Ultimamente sempre più americani si stanno trasferendo in Europa, e molti sono fuggenti piuttosto che cercatori. Le statistiche sono confuse, ma in alcuni paesi la tendenza è chiara. Nel 2013-22 il numero di americani nei Paesi Bassi è aumentato da circa 15.500 a 24.000; in Portogallo è triplicato arrivando a quasi 10.000; e in Spagna è passato da circa 20.000 a quasi 34.000. In altri luoghi, come Francia, Germania e paesi nordici, il numero è cresciuto moderatamente o è rimasto stabile. La Gran Bretagna ritiene che il numero di americani residenti sia aumentato da 137.000 nel 2013 a 166.000 nel 2021 (l’ultima stima).

Nel frattempo, sempre più americani affermano di voler lasciare il proprio Paese. Pochi di coloro che avevano promesso di andarsene se Donald Trump fosse stato eletto nel 2016 lo hanno effettivamente fatto. Ma Gallup, un sondaggista, ha scoperto nel 2018 che la percentuale di americani che hanno dichiarato di voler trasferirsi permanentemente in un altro paese è aumentata dall’11% sotto Barack Obama al 16% sotto Trump; nel 2022 era al 17%, nonostante l’elezione di Joe Biden. Il tasso di follow-through resta esiguo: poche decine di migliaia di emigrati su una popolazione di 330 milioni di abitanti. Ma molti espatriati di recente affermano di essere partiti in parte perché disperati riguardo alla direzione in cui si stanno dirigendo gli Stati Uniti.
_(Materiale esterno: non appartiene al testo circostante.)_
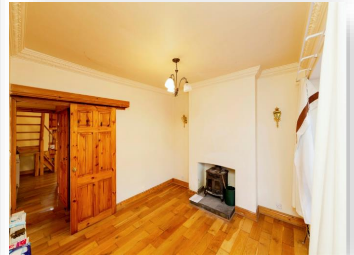
Park Road, Mexborough S64 9PE
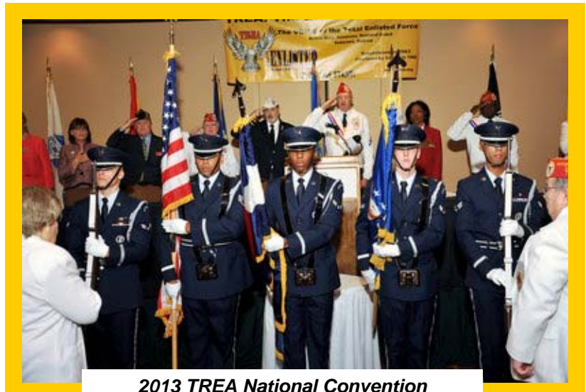
2013 TREA National Convention
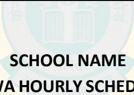
Annexure 4 -SEWA Hourly Schedule
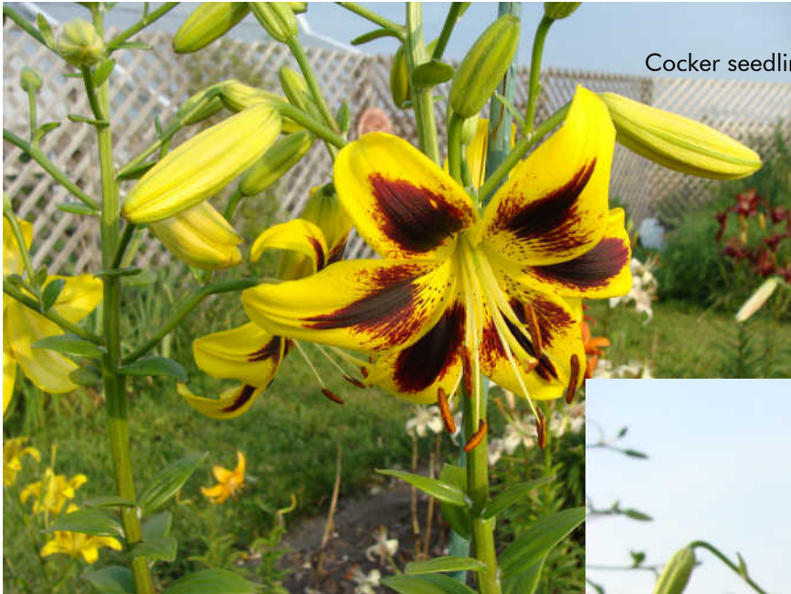
Cocker seedling 81-89

"Faccio una telefonata una volta al mese con gli americani che mi chiedono come venire qui", dice Caroline Behringer, un'americana trasferitasi nel 2017. La signora Behringer, ex assistente di Nancy Pelosi, allora leader dei democratici alla Camera dei Rappresentanti, ha lasciato il lavoro e ha raggiunto il suo partner ad Amsterdam dopo la vittoria di Trump. Per la maggior parte degli espatriati, dice, la politica non è stata tanto la ragione per cui se ne sono andati, quanto un motivo per non tornare indietro: “Non solo le elezioni, ma le continue divisioni”.
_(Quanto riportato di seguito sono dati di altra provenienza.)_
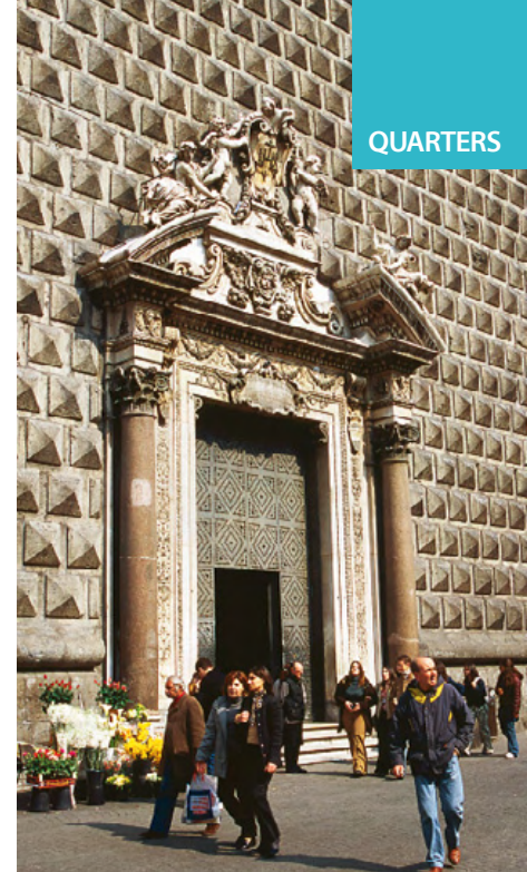
High-impact façade, Chiesa del Gesù Nuovo

Rudely giving its back to the Piazza, this vast Gothic number features a double flight of marble steps leading up to the apse. Completed in 1324 on the orders of Charles I of Anjou, it was built onto the medieval church

"Quello che sentiamo continuamente è che l'equilibrio tra lavoro e vita privata è molto migliore qui", afferma Tracy Metz, che dirige il John Adams Institute, un luogo culturale americano-olandese. I lavoratori americani lavorano 1.811 ore l’anno, gli europei solo 1.571; i riposati olandesi hanno messo a segno solo 1.427. I Paesi Bassi una volta attiravano gli yankee che cercavano di fumare marijuana o di sposare partner dello stesso sesso. Ora le attrazioni sono più mainstream, dice la Metz. L'ascesa dell'inglese internazionale rende le cose più facili per gli americani, notoriamente pessimi con le lingue: il 28% dei corsi di laurea nelle università olandesi sono in inglese. Gli annunci di lavoro online richiedono l'inglese quasi con la stessa frequenza con cui richiedono l'olandese.
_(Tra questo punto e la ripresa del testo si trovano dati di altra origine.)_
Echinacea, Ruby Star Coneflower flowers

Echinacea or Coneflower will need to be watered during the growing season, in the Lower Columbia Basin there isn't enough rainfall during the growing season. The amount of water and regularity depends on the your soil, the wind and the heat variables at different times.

Alcuni emigrati sono attratti dalle robuste reti di sicurezza sociale europee. Heather Caldwell Urquhart, una scrittrice trasferitasi a Lisbona nel 2021, aveva accettato un lavoro d'ufficio in Massachusetts semplicemente per ottenere un'assicurazione sanitaria. In Portogallo lei e la sua famiglia pagano per la copertura una frazione di quanto costerebbe un piano americano equivalente. "Non ci siamo resi conto di quanto fosse distrutto il tessuto sociale degli Stati Uniti finché non siamo arrivati ​​qui", dice.

“Abbiamo sentito la tensione allentarsi” poche settimane dopo aver lasciato l’America, concorda Sylvia Johnson, una psichiatra trasferitasi a Lisbona nel 2022. Per la signora Johnson e la sua famiglia, che sono neri, le questioni centrali erano il razzismo e la violenza. Da anni cercava di convincere il marito Stanley, avvocato, a trasferirsi all'estero. Il conflitto dopo l’omicidio di George Floyd nel 2021 lo ha riportato in vita. Ricorda di aver detto: "'Penso che dobbiamo procurarci una pistola.' Quando l’ho detto ad alta voce, ho pensato, se devo vivere in un paese in cui ho bisogno di un’arma per proteggere la mia famiglia, allora questo non è il paese per me”.